Grain Stocks Surprise, Acreage Report Underwhelms
Friday USDA released its Quarterly Grain Stocks report and March Prospective Plantings report. Analysts are telling farmers to take the planting intentions report with a grain of salt while the market reels from a higher-than-expected corn stocks report.
“Grain stocks weren’t friendly to the corn market,” says Arlan Suderman, chief commodities economist with INTL FCStone. “[USDA] found three million bu. above what trade expected.”
Either feed use declined, or USDA understated the size of the 2018 crop, Suderman says.
“Definitely looking like last year was a bigger crop,” says Matt Bennett, partner with AgMarket.net, farm division of John Stewart and Associates. “We [traders] were hoping to see that [corn] number lower.”
Corn stocks jumped to 8.6 billion bu., down 3% from this report last year. Soybean stocks hit a record 2.72 billion bu.—a whopping 29% jump from March last year. Wheat sings the same tune and increased 6% from last year to 1.59 billion bu. all wheat stocks.
The planting intentions report is likely inaccurate, adding to uncertainty. And even with planting report showing a lower soybean number—84.6 million bu., soybeans still look rough in 2019.

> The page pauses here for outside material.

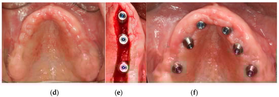 (a) Zygoma Quad system with buccal dehiscences seen in both quadrants (Smooth IPX-Tilted System®, Galimplant S.L, Sarria, Galicia, Spain). (b) A free connective soft tissue graft is collected from the palatal flap. (c) Soft tissue graft is repositioned with two surgical pins around the neck of the zygomatic implants. (d) Soft tissue healing at one month after the operation. (e) The gained soft tissue volume is seen in second stage surgery. (f) Soft tissue healing at three weeks after second stage surgery. The buccal mucosa is thick and keratinized.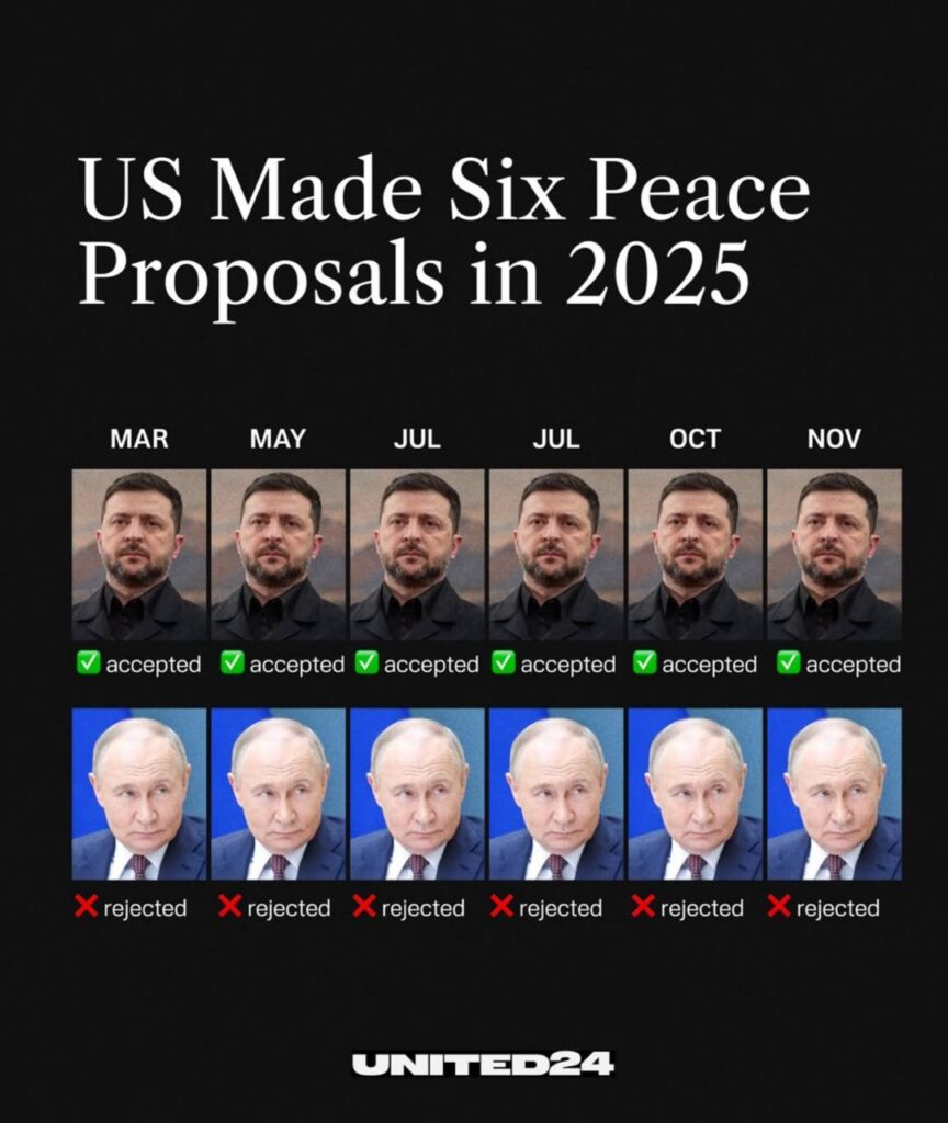 За цей рік Україна прийняла 6 (!) мирних планів США, а рф — жодного. При цьому Трамп все ще продовжує заявляти, що росія «хоче миру».

“You’re looking at a fundamental situation that isn’t friendly with huge stocks,” Bennett says. “Dropping bean acres might get you to a more manageable situation but you need a weather event on top of down acres to [possibly] get to a favorable position.”
At the same time, both analysts think USDA overstated corn acreage.
“These are March 1 numbers and a lot has changed since March 1,” Suderman says. “A lot has changed in the month of March with flooding and the economies of things. I anticipate soybean acres go up, prevent plant acres up and corn acres down.
“[Prevent plant] we have to assume 750,000 to one million acres, but that could double or more if we continue to see this wet spring,” he adds.
INTL FCStone pegs corn at 90.4 million acres and soybeans at 87.7 million acres before planting season is over.
Surprising to some, cotton acre projections are down 2% over last year.
“I don’t see that,” Bennett says. In the plains he expects acres that didn’t get winter wheat planted to turn to cotton instead.
Livestock could benefit from a possible global meat shortage.
“Hog feeding [in China] is down at least 30%, which is equal to the number of hogs we feed in Canada, Mexico, U.S. and Brazil in a year,” Suderman says. “There is a meat shortage globally of 12.3 million metric tons if we’re right on the 30% reduction.”
It could be higher than that if disease is worse than forecasted. Beef could benefit from this shortage and increased demand, too.
“Chinese have increased beef consumption, supportive [of a stronger market],” Bennett says. “I am cautiously optimistic. This could hit during the summer time frame, so the next six- to 12-weeks.”